Capin and colleagues compared walking mechanics 3 months after ACL reconstruction with femoral trochlear cartilage T2 relaxation times 6 months after ACL reconstruction. After primary unilateral ACL reconstruction, 26 patients participated in detailed motion analyses 3.3 months after ACL reconstruction and underwent quantitative MRI at 6.3 months postoperatively.

Results showed no between limb differences in femoral trochlear cartilage T2 relaxation time. Investigators noted slower walking speed correlated with higher femoral trochlear cartilage T2 relaxation times in the involved limb. Slower walking speed also correlated with greater interlimb differences in trochlear T2 relaxation times. Walking mechanics and trochlear T2 relaxation times were weakly correlated.

Capin said, “As a clinician-scientist, our findings are both somewhat surprising and quite exciting as walking speed may be evaluated accurately within a clinical setting whereas biomechanical variables, such as joint angles and muscle forces, cannot.”– by Monica Jaramillo

 

Disclosures: Capin reports the study was part of his PhD dissertation funded by a Ruth L. Kirschstein National Research Service Award Predoctoral Fellowship (NICHD F30-HD096830) and by the Foundation for Physical Therapy Research Promotion of Doctoral Studies (PODS) Level 1 and Level 2 Scholarships. Please see the study for a list of all other authors’ relevant financial disclosures.

 

    Perspective
    Andrew J. Cosgarea

    Andrew J. Cosgarea

    In the paper “Slower walking speed is related to early femoral trochlear cartilage degradation after ACL reconstruction,” authors Jacob Capin and colleagues use a novel approach to investigating patellofemoral joint degeneration. With the knowledge that patellofemoral OA is prevalent after ACL reconstruction (ACLR) and using quantitative MRI to characterize chondral precursors to OA, the authors correlated walking gait mechanics 3 months after ACLR with MR evaluation of femoral trochlear cartilage T2 relaxation times 6 months after ACLR.

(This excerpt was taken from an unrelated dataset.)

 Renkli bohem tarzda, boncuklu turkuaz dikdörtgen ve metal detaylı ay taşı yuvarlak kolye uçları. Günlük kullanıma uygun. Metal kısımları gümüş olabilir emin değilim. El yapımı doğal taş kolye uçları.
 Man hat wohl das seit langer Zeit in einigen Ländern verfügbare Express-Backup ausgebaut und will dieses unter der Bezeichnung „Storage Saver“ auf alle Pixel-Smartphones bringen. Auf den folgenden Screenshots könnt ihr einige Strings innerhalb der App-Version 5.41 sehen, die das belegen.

    They found that slower self-imposed walking speed was the strongest predictor of femoral trochlear cartilage degradation (Pearson r: -.583, P= .002). The authors were careful to point out that they were unable to determine whether slower walking drives cartilage degradation or vice versa, and that multiple graft types were used in the 26 subjects.

    The take-home message is that although this study was only exploratory in nature, information regarding walking speed may be valuable for rehabilitation following injury or surgery and may inform clinicians as to who could be at high risk for subsequently developing patellofemoral OA.

     

    • Andrew J. Cosgarea, MD
    • Drew Family Professor of Orthopedic Surgery in honor of Alec J. Cosgarea
      Department of orthopedic surgery
      Head team physician
      Johns Hopkins University
      Baltimore

    Disclosures: Cosgarea reports no relevant financial disclosures.